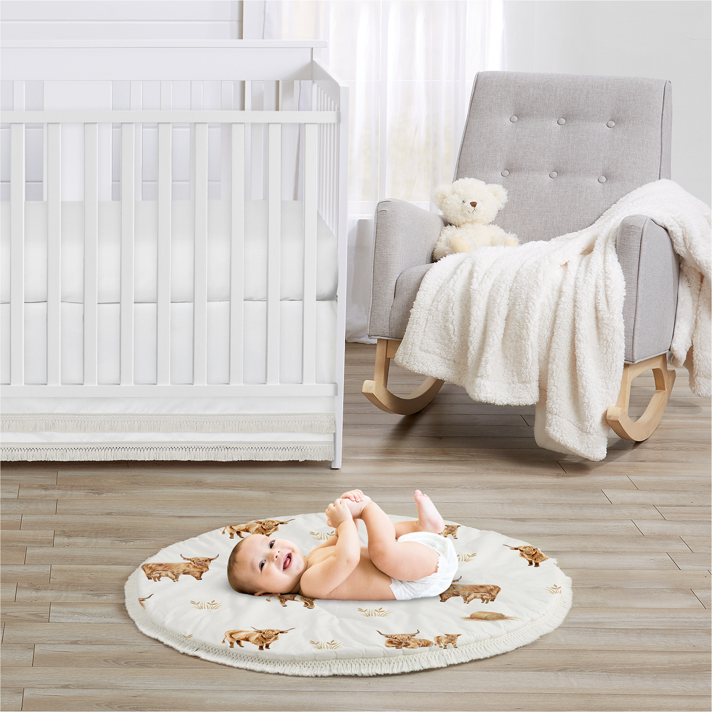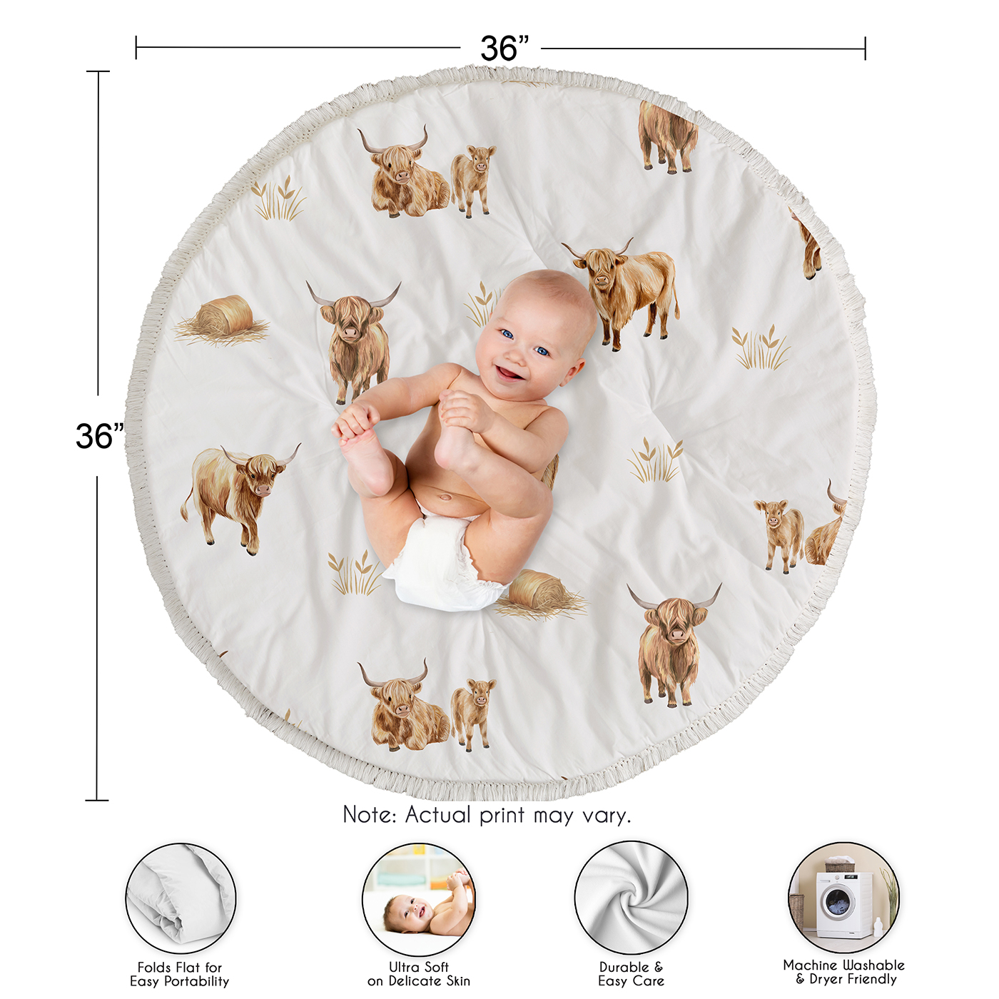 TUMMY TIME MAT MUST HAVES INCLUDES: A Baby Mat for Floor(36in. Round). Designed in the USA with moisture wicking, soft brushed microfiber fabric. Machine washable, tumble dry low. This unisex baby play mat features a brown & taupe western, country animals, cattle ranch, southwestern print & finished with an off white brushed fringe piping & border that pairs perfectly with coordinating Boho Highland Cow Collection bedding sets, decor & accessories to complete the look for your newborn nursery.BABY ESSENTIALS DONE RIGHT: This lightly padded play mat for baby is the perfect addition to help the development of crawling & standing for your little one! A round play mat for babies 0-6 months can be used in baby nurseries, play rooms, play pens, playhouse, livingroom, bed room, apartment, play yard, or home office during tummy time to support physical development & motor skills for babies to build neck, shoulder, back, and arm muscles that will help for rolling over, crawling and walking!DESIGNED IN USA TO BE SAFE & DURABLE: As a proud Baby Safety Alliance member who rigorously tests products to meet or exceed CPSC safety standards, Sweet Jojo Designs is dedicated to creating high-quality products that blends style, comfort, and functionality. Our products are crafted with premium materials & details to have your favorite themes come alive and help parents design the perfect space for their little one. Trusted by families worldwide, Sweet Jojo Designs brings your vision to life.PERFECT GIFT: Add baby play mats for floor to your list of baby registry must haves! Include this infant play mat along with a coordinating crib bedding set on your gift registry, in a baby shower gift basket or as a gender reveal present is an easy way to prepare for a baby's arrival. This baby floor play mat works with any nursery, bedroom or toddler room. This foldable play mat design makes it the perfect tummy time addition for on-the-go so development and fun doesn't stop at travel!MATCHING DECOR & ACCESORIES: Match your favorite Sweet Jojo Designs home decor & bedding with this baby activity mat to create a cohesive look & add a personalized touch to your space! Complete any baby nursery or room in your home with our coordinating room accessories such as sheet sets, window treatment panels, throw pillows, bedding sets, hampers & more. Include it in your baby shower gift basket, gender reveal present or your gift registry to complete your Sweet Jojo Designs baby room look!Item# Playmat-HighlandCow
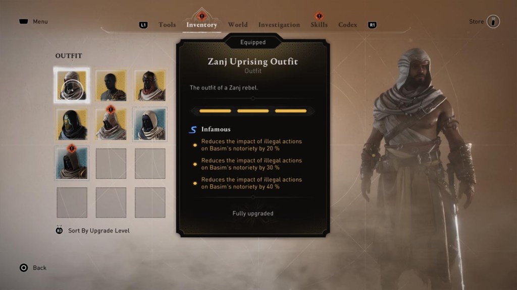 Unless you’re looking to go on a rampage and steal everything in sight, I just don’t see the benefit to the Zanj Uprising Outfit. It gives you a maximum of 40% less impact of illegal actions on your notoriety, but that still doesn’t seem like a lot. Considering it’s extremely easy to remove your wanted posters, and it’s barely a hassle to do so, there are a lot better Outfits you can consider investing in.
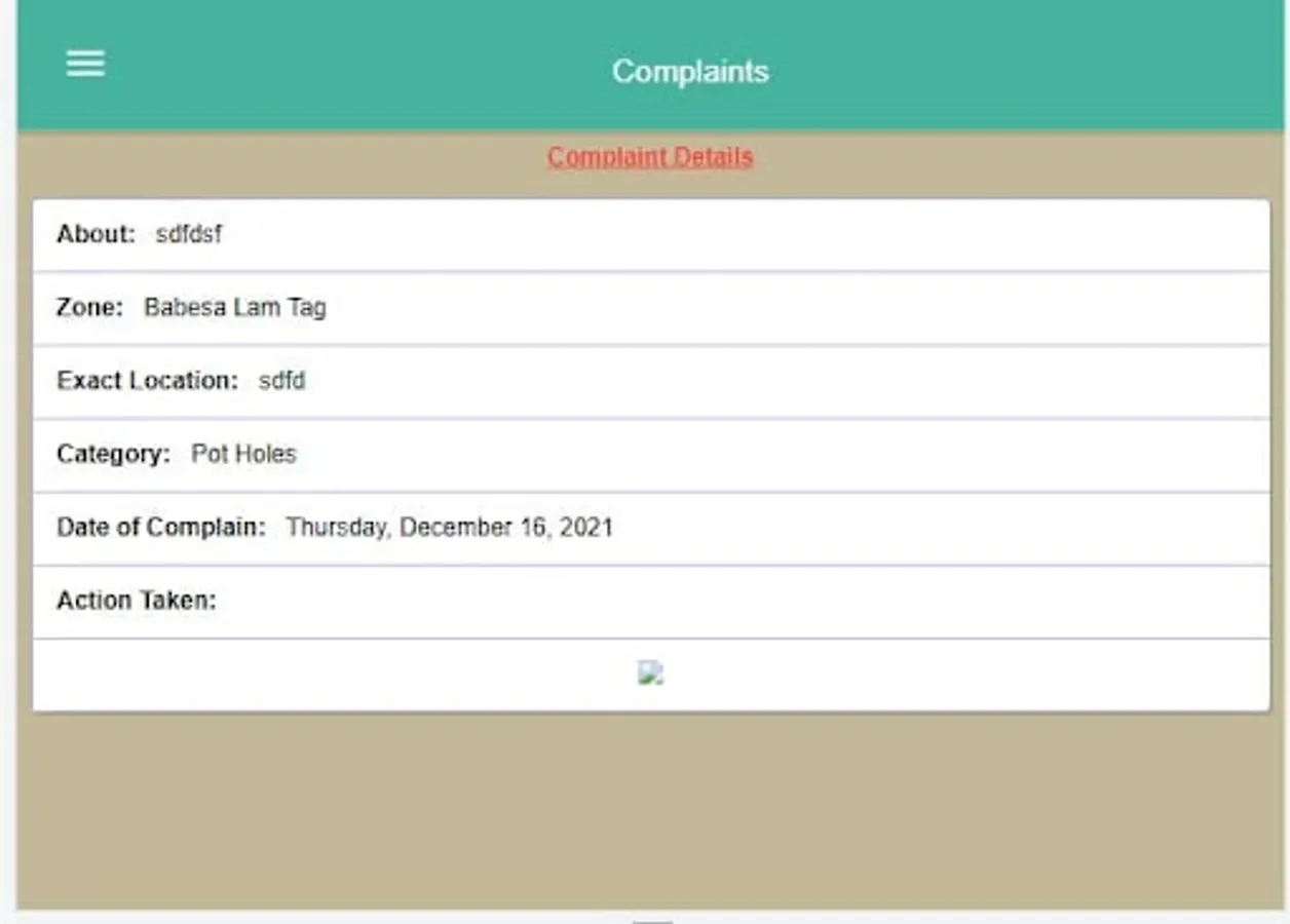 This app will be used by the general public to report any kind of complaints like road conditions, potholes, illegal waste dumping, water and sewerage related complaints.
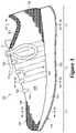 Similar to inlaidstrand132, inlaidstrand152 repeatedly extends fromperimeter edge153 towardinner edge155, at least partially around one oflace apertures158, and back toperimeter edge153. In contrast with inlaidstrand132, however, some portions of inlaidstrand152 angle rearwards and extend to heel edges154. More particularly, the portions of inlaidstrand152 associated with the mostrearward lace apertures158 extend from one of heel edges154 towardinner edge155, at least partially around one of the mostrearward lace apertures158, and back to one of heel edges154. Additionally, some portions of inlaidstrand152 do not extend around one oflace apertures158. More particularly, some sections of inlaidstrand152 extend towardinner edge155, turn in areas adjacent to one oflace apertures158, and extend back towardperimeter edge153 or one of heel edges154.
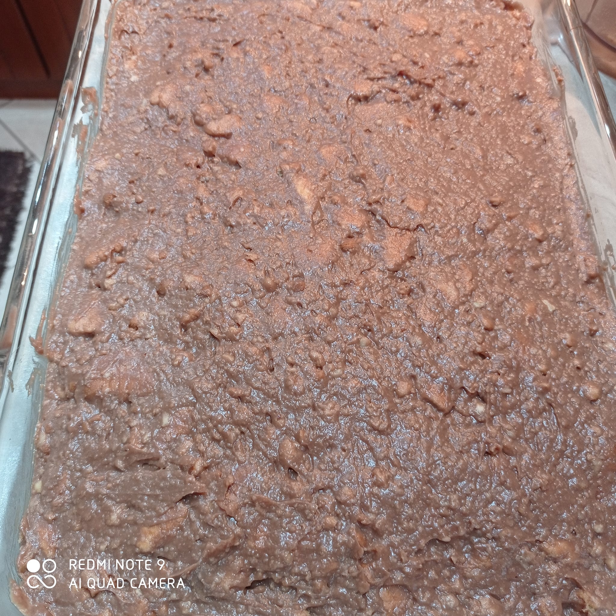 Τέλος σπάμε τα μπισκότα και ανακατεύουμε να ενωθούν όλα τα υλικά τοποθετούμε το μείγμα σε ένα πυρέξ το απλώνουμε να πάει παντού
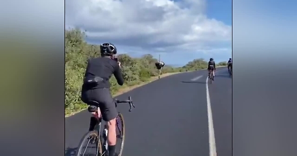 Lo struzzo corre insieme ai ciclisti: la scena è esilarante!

####

■ Requirement
Print the material precisely as given, dropping any images it holds.

■ Answer below
 TUMMY TIME MAT MUST HAVES INCLUDES: A Baby Mat for Floor(36in. Round). Designed in the USA with moisture wicking, soft brushed microfiber fabric. Machine washable, tumble dry low. This unisex baby play mat features a brown & taupe western, country animals, cattle ranch, southwestern print & finished with an off white brushed fringe piping & border that pairs perfectly with coordinating Boho Highland Cow Collection bedding sets, decor & accessories to complete the look for your newborn nursery.BABY ESSENTIALS DONE RIGHT: This lightly padded play mat for baby is the perfect addition to help the development of crawling & standing for your little one! A round play mat for babies 0-6 months can be used in baby nurseries, play rooms, play pens, playhouse, livingroom, bed room, apartment, play yard, or home office during tummy time to support physical development & motor skills for babies to build neck, shoulder, back, and arm muscles that will help for rolling over, crawling and walking!DESIGNED IN USA TO BE SAFE & DURABLE: As a proud Baby Safety Alliance member who rigorously tests products to meet or exceed CPSC safety standards, Sweet Jojo Designs is dedicated to creating high-quality products that blends style, comfort, and functionality. Our products are crafted with premium materials & details to have your favorite themes come alive and help parents design the perfect space for their little one. Trusted by families worldwide, Sweet Jojo Designs brings your vision to life.PERFECT GIFT: Add baby play mats for floor to your list of baby registry must haves! Include this infant play mat along with a coordinating crib bedding set on your gift registry, in a baby shower gift basket or as a gender reveal present is an easy way to prepare for a baby's arrival. This baby floor play mat works with any nursery, bedroom or toddler room. This foldable play mat design makes it the perfect tummy time addition for on-the-go so development and fun doesn't stop at travel!MATCHING DECOR & ACCESORIES: Match your favorite Sweet Jojo Designs home decor & bedding with this baby activity mat to create a cohesive look & add a personalized touch to your space! Complete any baby nursery or room in your home with our coordinating room accessories such as sheet sets, window treatment panels, throw pillows, bedding sets, hampers & more. Include it in your baby shower gift basket, gender reveal present or your gift registry to complete your Sweet Jojo Designs baby room look!Item# Playmat-HighlandCow
 Unless you’re looking to go on a rampage and steal everything in sight, I just don’t see the benefit to the Zanj Uprising Outfit. It gives you a maximum of 40% less impact of illegal actions on your notoriety, but that still doesn’t seem like a lot. Considering it’s extremely easy to remove your wanted posters, and it’s barely a hassle to do so, there are a lot better Outfits you can consider investing in.
 This app will be used by the general public to report any kind of complaints like road conditions, potholes, illegal waste dumping, water and sewerage related complaints.
 Similar to inlaidstrand132, inlaidstrand152 repeatedly extends fromperimeter edge153 towardinner edge155, at least partially around one oflace apertures158, and back toperimeter edge153. In contrast with inlaidstrand132, however, some portions of inlaidstrand152 angle rearwards and extend to heel edges154. More particularly, the portions of inlaidstrand152 associated with the mostrearward lace apertures158 extend from one of heel edges154 towardinner edge155, at least partially around one of the mostrearward lace apertures158, and back to one of heel edges154. Additionally, some portions of inlaidstrand152 do not extend around one oflace apertures158. More particularly, some sections of inlaidstrand152 extend towardinner edge155, turn in areas adjacent to one oflace apertures158, and extend back towardperimeter edge153 or one of heel edges154.
 Τέλος σπάμε τα μπισκότα και ανακατεύουμε να ενωθούν όλα τα υλικά τοποθετούμε το μείγμα σε ένα πυρέξ το απλώνουμε να πάει παντού
 Lo struzzo corre insieme ai ciclisti: la scena è esilarante!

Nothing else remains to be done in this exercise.